#### DATA EXCERPT:
☆ ☆ ☆ ☆ ☆

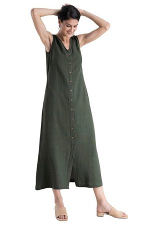 FableStreet Cotton Button Down A-Line Dress - Olive
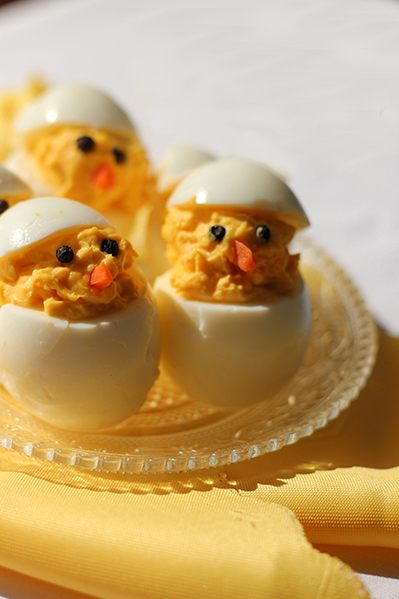 Faszerowane jajka są u nas popularne nie tylko na Wielkanoc, ale także przy okazji różnych imprez (wtedy jednak standardowo przecinam je wzdłuż, zamiast podawać w formie kurczaczków ; ) Bardzo lubię je przygotowywać ze względu na szybkość oraz różnorodność farszy, które możemy wymyślić, tak aby każdy znalazł coś dla siebie ; )
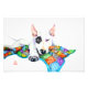 Un adorable bullterrier inglés blanco con un emblemático parche en los ojos negros sobre una colorida manta de cuadros. ¡Los matones blancos son demasiado lindos! Este abusador solo pide abrazos. El cumpleaños perfecto, te amo, pensando en ti o obtén un buen regalo para cualquiera que ame las corridas de toros inglesas. Siéntete libre de agregar tu propio texto; hay mucho espacio. ¡Y también puedes cambiar el color de fondo! Arte original en plumas de tinta de pincel de color sobre papel blanco A6. El diseño presenta el monograma de impresión de pulgares del artista, Renate Kriegler.
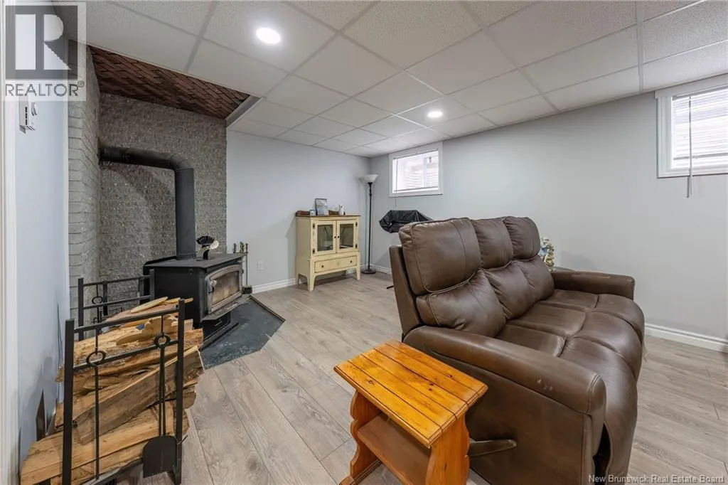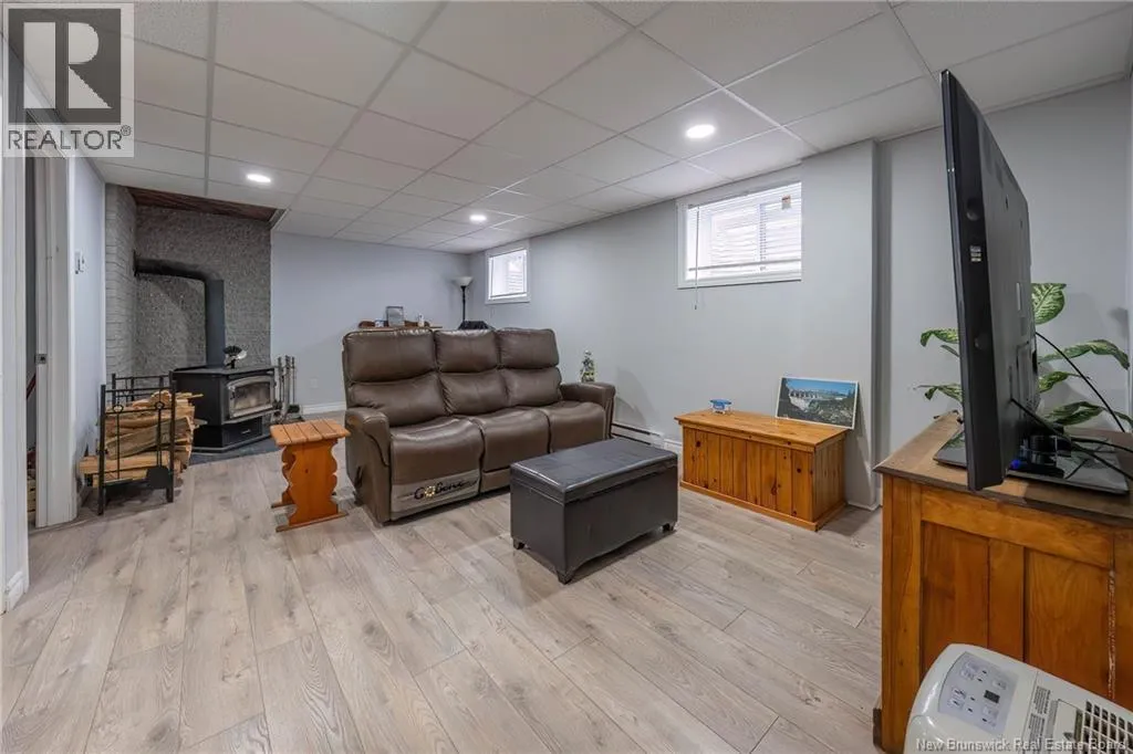 Ch Route 108 towards Drummond, turn left onto Drummond Station Road until you reach civic #124. Fresh on the market and absolutely stunning! Welcome to 124 Drummond Station Rd a beautifully renovated bungalow thats ready to impress from the moment you walk in. The main floor features a welcoming entryway leading into a gorgeous, modern kitchen that flows seamlessly into the bright and open living room perfect for entertaining or relaxing in style. Youll also find two comfortable bedrooms and a full bathroom, all thoughtfully updated with a clean, contemporary feel. Head downstairs and youll love the stylish shiplap accent along the staircase, setting the tone for the fully finished lower level. This space offers a cozy family room highlighted by a wood stove, an additional bedroom, a den or home office, a full bathroom, and plenty of storage. The walkout basement also provides direct access to the attached garage adding both convenience and functionality. Outside, enjoy a private backyard complete with a cozy deck, storage shed, and paved driveway all just minutes from downtown Grand Falls and close to amenities. This home truly checks all the boxes modern updates, functional layout, and a great location. Dont miss your chance to make it yours! (id:27476)

☆ ☆ ☆ ☆ ☆

Restate the material above word for word, omitting the pictures.

 FableStreet Cotton Button Down A-Line Dress - Olive
 Faszerowane jajka są u nas popularne nie tylko na Wielkanoc, ale także przy okazji różnych imprez (wtedy jednak standardowo przecinam je wzdłuż, zamiast podawać w formie kurczaczków ; ) Bardzo lubię je przygotowywać ze względu na szybkość oraz różnorodność farszy, które możemy wymyślić, tak aby każdy znalazł coś dla siebie ; )
 Un adorable bullterrier inglés blanco con un emblemático parche en los ojos negros sobre una colorida manta de cuadros. ¡Los matones blancos son demasiado lindos! Este abusador solo pide abrazos. El cumpleaños perfecto, te amo, pensando en ti o obtén un buen regalo para cualquiera que ame las corridas de toros inglesas. Siéntete libre de agregar tu propio texto; hay mucho espacio. ¡Y también puedes cambiar el color de fondo! Arte original en plumas de tinta de pincel de color sobre papel blanco A6. El diseño presenta el monograma de impresión de pulgares del artista, Renate Kriegler.
 Ch Route 108 towards Drummond, turn left onto Drummond Station Road until you reach civic #124. Fresh on the market and absolutely stunning! Welcome to 124 Drummond Station Rd a beautifully renovated bungalow thats ready to impress from the moment you walk in. The main floor features a welcoming entryway leading into a gorgeous, modern kitchen that flows seamlessly into the bright and open living room perfect for entertaining or relaxing in style. Youll also find two comfortable bedrooms and a full bathroom, all thoughtfully updated with a clean, contemporary feel. Head downstairs and youll love the stylish shiplap accent along the staircase, setting the tone for the fully finished lower level. This space offers a cozy family room highlighted by a wood stove, an additional bedroom, a den or home office, a full bathroom, and plenty of storage. The walkout basement also provides direct access to the attached garage adding both convenience and functionality. Outside, enjoy a private backyard complete with a cozy deck, storage shed, and paved driveway all just minutes from downtown Grand Falls and close to amenities. This home truly checks all the boxes modern updates, functional layout, and a great location. Dont miss your chance to make it yours! (id:27476)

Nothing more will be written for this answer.